The problem
Pictures must not appear in the copy. Restate exactly the lines below from the one with "倪先生介绍,这些花已经开了五" through the one with "Schon in den", inclusive.

Entries provided
=== Begin Enclosure ===
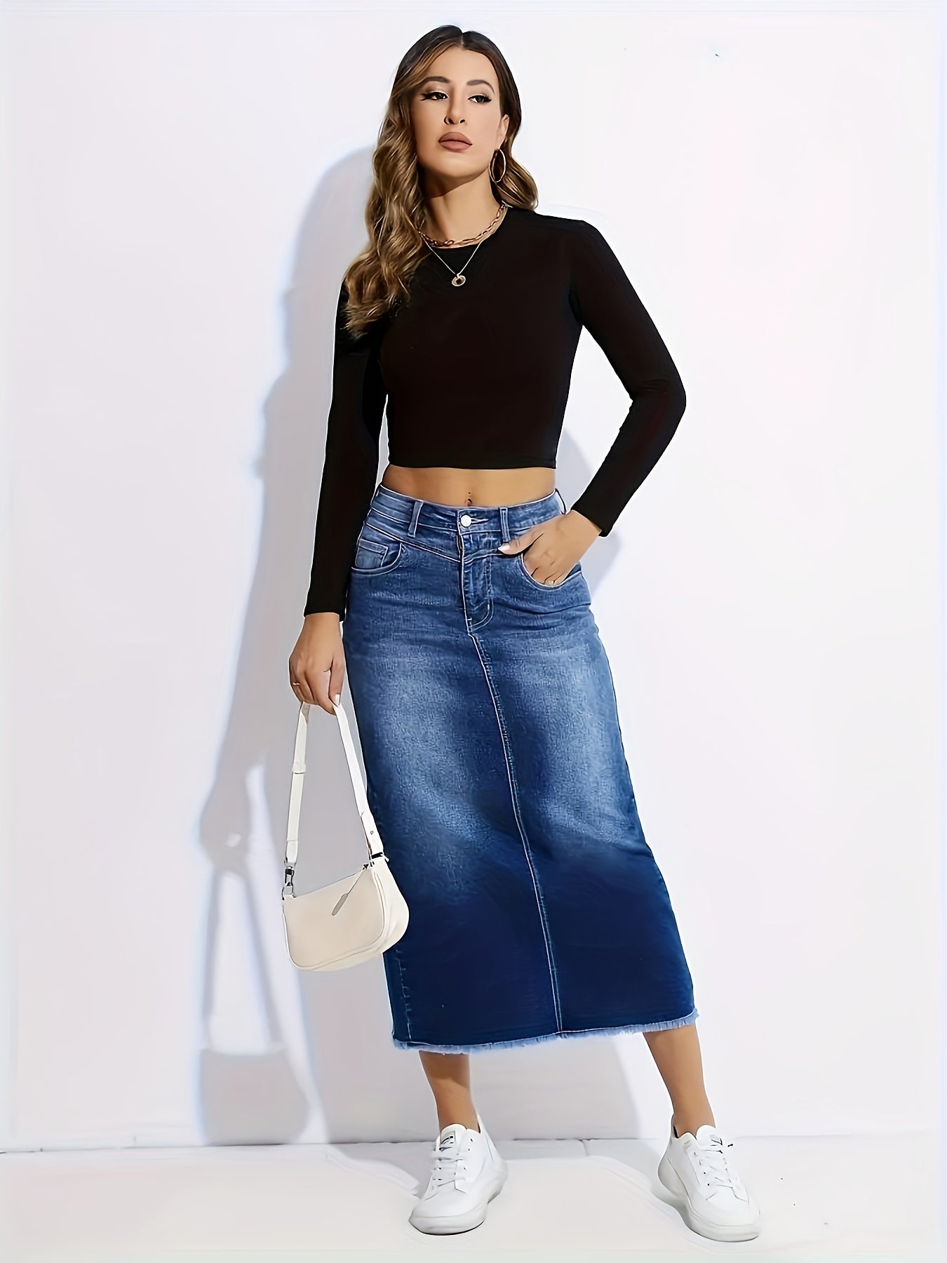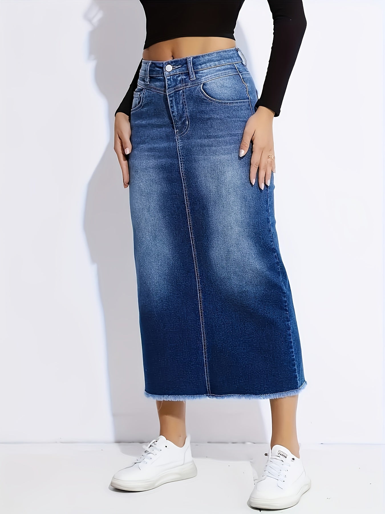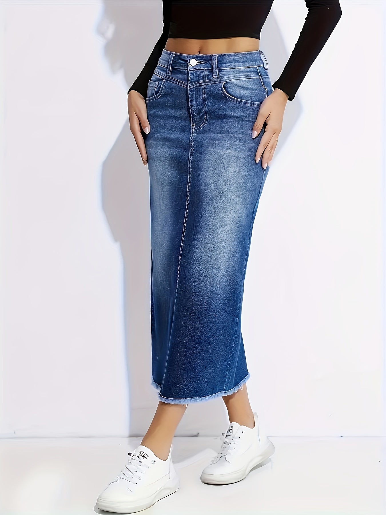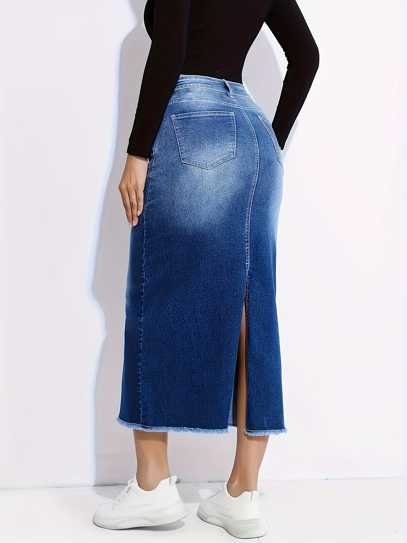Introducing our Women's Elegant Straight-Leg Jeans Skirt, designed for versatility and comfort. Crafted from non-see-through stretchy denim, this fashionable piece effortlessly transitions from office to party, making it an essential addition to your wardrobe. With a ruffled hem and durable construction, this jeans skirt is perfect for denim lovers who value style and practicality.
=== End Enclosure ===
=== Begin Enclosure ===
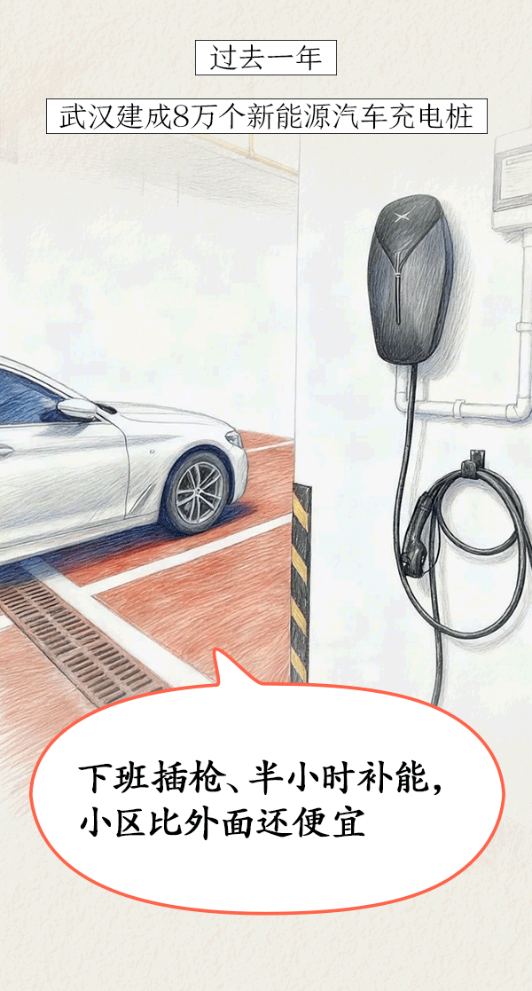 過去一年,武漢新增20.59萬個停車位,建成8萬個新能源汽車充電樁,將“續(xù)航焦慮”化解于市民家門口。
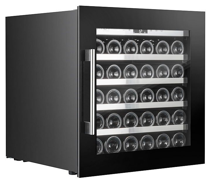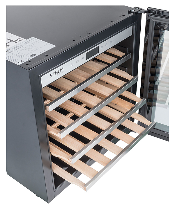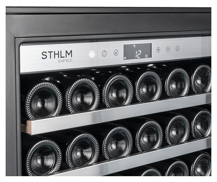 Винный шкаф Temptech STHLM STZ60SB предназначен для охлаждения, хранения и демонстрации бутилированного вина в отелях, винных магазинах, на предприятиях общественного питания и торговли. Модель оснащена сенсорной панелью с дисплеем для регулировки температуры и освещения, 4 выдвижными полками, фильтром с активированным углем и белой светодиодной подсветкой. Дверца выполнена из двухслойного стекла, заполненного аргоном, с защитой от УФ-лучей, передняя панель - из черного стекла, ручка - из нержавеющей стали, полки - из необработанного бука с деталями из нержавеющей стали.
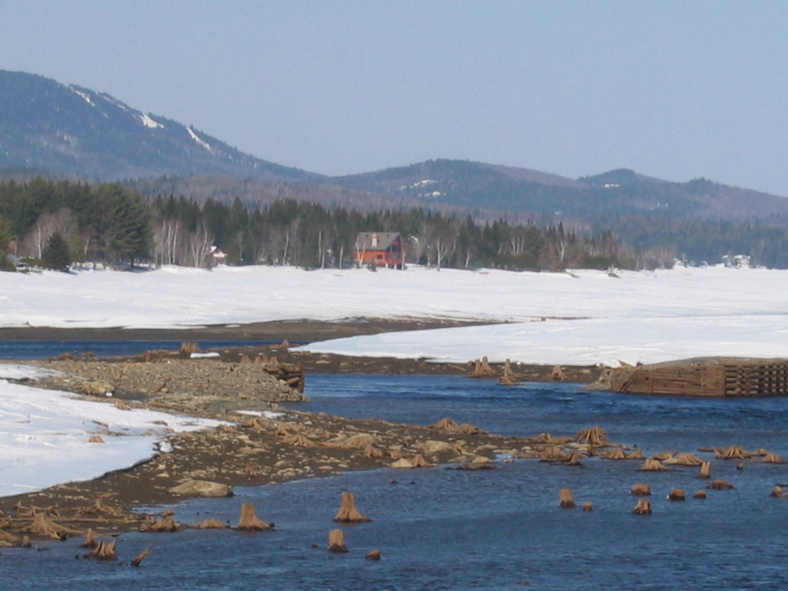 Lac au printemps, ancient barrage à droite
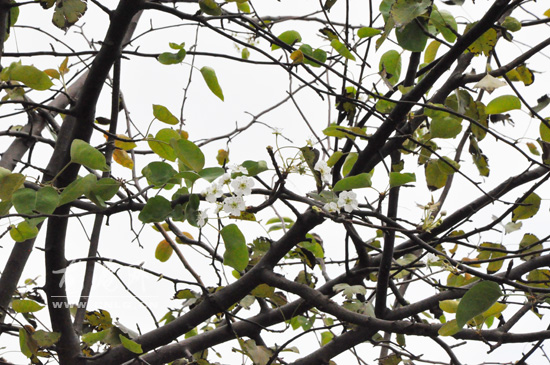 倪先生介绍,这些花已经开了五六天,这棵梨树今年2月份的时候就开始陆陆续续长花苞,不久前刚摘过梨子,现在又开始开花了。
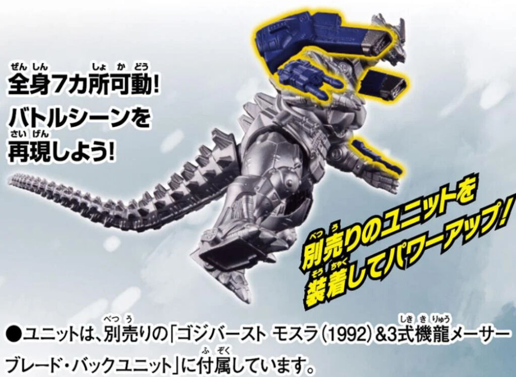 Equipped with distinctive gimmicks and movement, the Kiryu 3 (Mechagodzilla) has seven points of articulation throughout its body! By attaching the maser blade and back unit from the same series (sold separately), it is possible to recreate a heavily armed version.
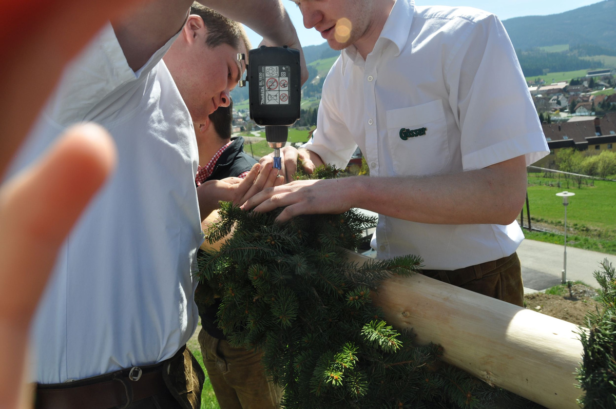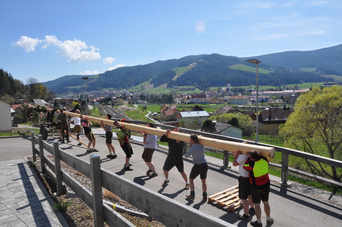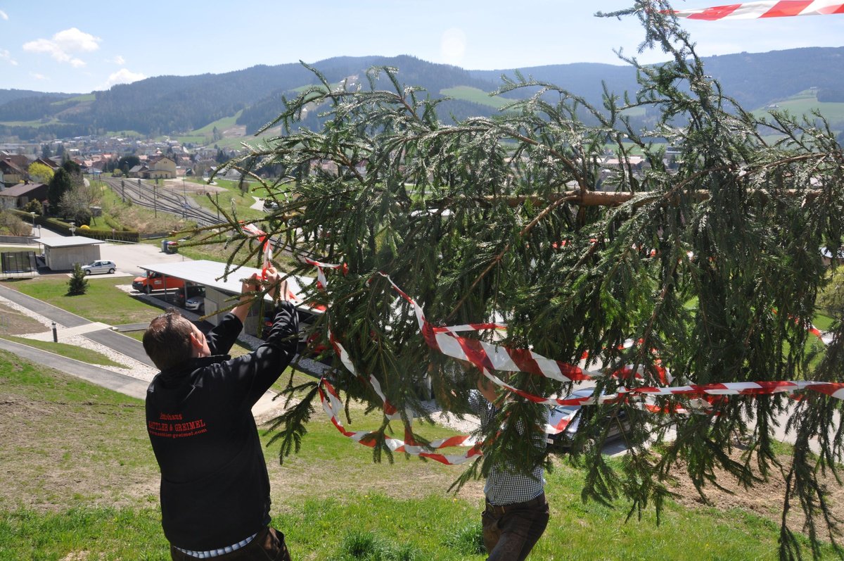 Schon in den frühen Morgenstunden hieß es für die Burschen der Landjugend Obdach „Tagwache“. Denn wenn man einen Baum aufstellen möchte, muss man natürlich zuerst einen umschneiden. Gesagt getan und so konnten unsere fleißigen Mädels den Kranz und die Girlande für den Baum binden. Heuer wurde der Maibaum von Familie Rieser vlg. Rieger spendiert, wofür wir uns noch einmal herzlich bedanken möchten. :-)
=== End Enclosure ===
=== Begin Enclosure ===
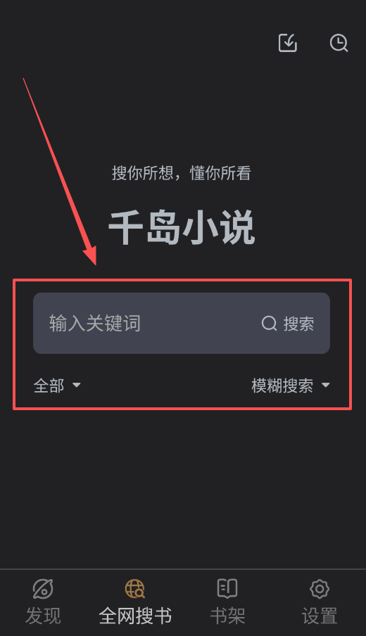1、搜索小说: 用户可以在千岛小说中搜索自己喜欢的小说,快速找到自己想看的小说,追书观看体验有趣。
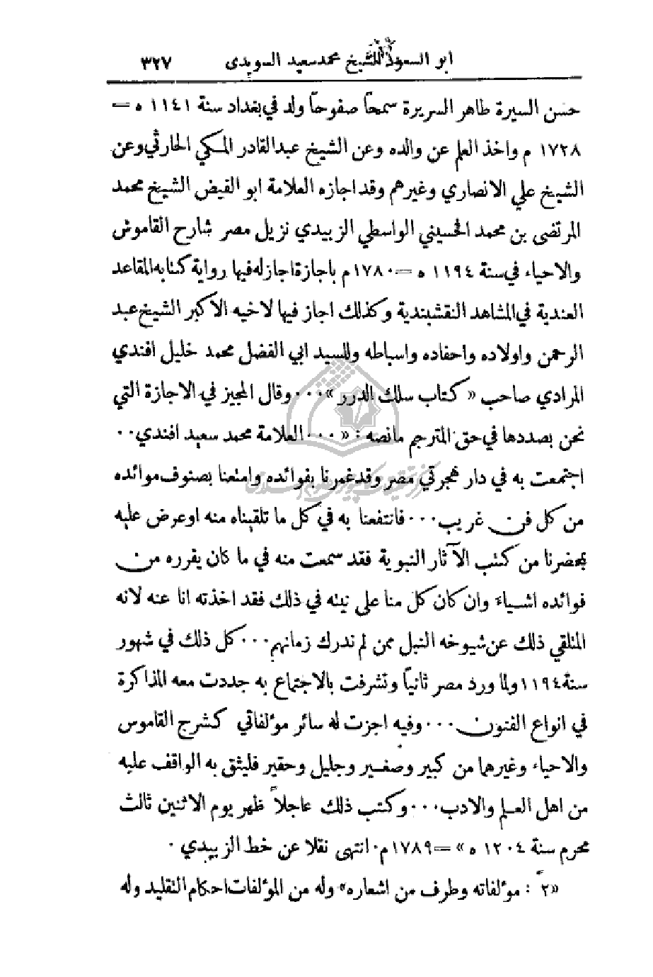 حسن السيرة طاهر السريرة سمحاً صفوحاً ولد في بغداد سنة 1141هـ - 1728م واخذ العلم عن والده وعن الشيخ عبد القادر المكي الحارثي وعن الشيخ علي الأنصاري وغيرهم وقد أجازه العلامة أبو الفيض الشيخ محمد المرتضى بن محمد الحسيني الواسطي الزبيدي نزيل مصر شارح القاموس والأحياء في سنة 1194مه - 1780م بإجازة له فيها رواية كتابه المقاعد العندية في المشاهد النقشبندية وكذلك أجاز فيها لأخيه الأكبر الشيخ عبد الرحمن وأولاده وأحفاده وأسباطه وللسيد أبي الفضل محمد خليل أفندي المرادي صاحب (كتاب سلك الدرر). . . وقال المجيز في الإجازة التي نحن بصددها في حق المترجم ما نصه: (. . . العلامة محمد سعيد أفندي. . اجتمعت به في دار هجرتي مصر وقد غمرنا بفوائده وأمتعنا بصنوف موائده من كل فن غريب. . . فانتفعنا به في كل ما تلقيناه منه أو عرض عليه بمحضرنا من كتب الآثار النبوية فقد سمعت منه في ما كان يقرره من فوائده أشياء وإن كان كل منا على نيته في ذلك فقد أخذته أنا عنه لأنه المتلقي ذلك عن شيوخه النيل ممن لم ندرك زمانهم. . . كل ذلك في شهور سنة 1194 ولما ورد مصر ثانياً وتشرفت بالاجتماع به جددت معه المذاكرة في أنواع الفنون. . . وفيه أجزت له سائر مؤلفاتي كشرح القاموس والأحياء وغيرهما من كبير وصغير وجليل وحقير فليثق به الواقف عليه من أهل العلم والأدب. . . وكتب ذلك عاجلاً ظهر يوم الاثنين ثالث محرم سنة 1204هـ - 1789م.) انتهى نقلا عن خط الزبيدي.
=== End Enclosure ===
Your solution
 倪先生介绍,这些花已经开了五六天,这棵梨树今年2月份的时候就开始陆陆续续长花苞,不久前刚摘过梨子,现在又开始开花了。
 Equipped with distinctive gimmicks and movement, the Kiryu 3 (Mechagodzilla) has seven points of articulation throughout its body! By attaching the maser blade and back unit from the same series (sold separately), it is possible to recreate a heavily armed version.
 Schon in den frühen Morgenstunden hieß es für die Burschen der Landjugend Obdach „Tagwache“. Denn wenn man einen Baum aufstellen möchte, muss man natürlich zuerst einen umschneiden. Gesagt getan und so konnten unsere fleißigen Mädels den Kranz und die Girlande für den Baum binden. Heuer wurde der Maibaum von Familie Rieser vlg. Rieger spendiert, wofür wir uns noch einmal herzlich bedanken möchten. :-)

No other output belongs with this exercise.